Beseelter Blick, Kind auf dem Arm, langes Gewand und Heiligenschein. Die Darstellung der Gottesmutter Maria in der Malerei hat seit Jahrhunderten eine feste Form. An einer Wand in Taormina auf Sizilien kam einem das Gesicht der Heiligen dann aber doch zeitgenössisch bekannt vor. Der Street-Art-Künstler Tvboy hat Maria mit dem Antlitz der deutschen Rettungsschiff-Kapitänin Carola Rackete versehen und ihr ein Kind mit Rettungsweste in die Arme gedrückt. Das Bild trägt den Titel "Heilige Carola, Beschützerin der Flüchtlinge“.
Diesen Status hat sich die 31-Jährige durch ihren Einsatz auf dem privaten Seenotrettungsschiff "Sea Watch 3" zugezogen. Mit diesem fuhr sie trotz eines Verbots der italienischen Regierung mit 40 Geretteten an Bord in den Hafen von Lampedusa ein und wurde vorübergehend festgenommen. Seitdem reagiert Italien mit Dämonisierung und schärferen Gesetzen gegen Seenotretter, gleichzeitig wurde Carola Rackete mit Spenden und Solidarität überschüttet. Sie ist eine Symbolfigur für die gesellschaftliche Spaltung beim Thema Flucht und Migration geworden und ruft heftige Reaktionen hervor.

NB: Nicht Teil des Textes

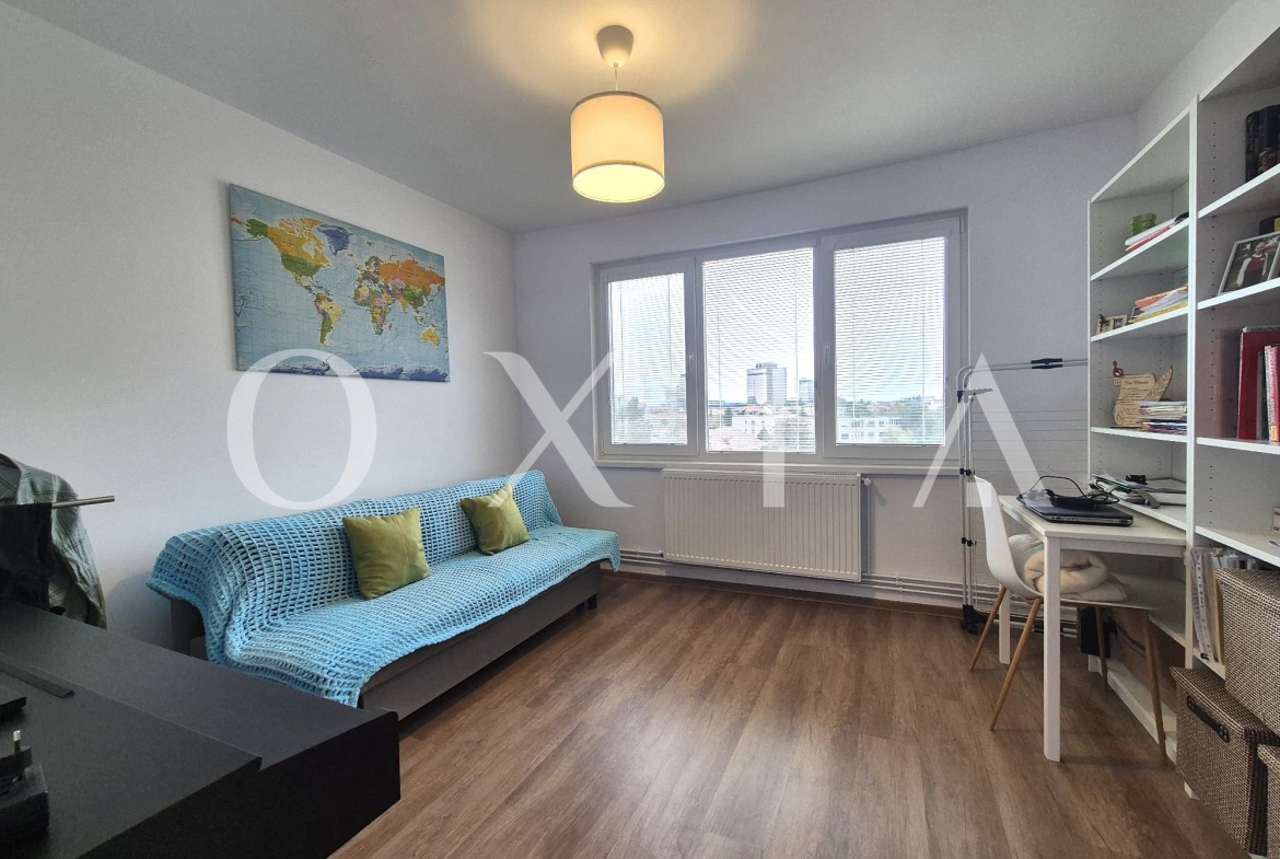 0XIA prezinta spre vanzare apartament cu 3 camere, situat in Timisoara, Zona Take Ionescu aproape de Punctele Cardinale, la etajul 6/10, imobil cu ascensor, semidecomandat, cu suprafata de 69 MP utili + balcon inchis de 8.5 MP + boxa inalta pentru depozitare, compartimentat astfel:

Wie der Künstler Tvboy auf seinem Instagram-Account mitteilte, wurde das Graffito inzwischen mit grauer Farbe übermalt. Er spricht bei der Schmiererei, die vor allem die Gesichter der beiden Figuren betrifft, von "Zensur".
Maria hat in der christlichen Kulturgeschichte eigentlich recht wenig zu sagen. Sie steht beseelt und heilig da, hält ihr Kind und ansonsten die Klappe. Carola Rackete dagegen ist weder Teufel noch Engel, sondern ein Mensch, der wie gerade im ZDF bewiesen für sich selbst sprechen kann. Vielleicht sollte sich auch die Darstellung ihrer Person wieder einem menschlichen Maß annähern.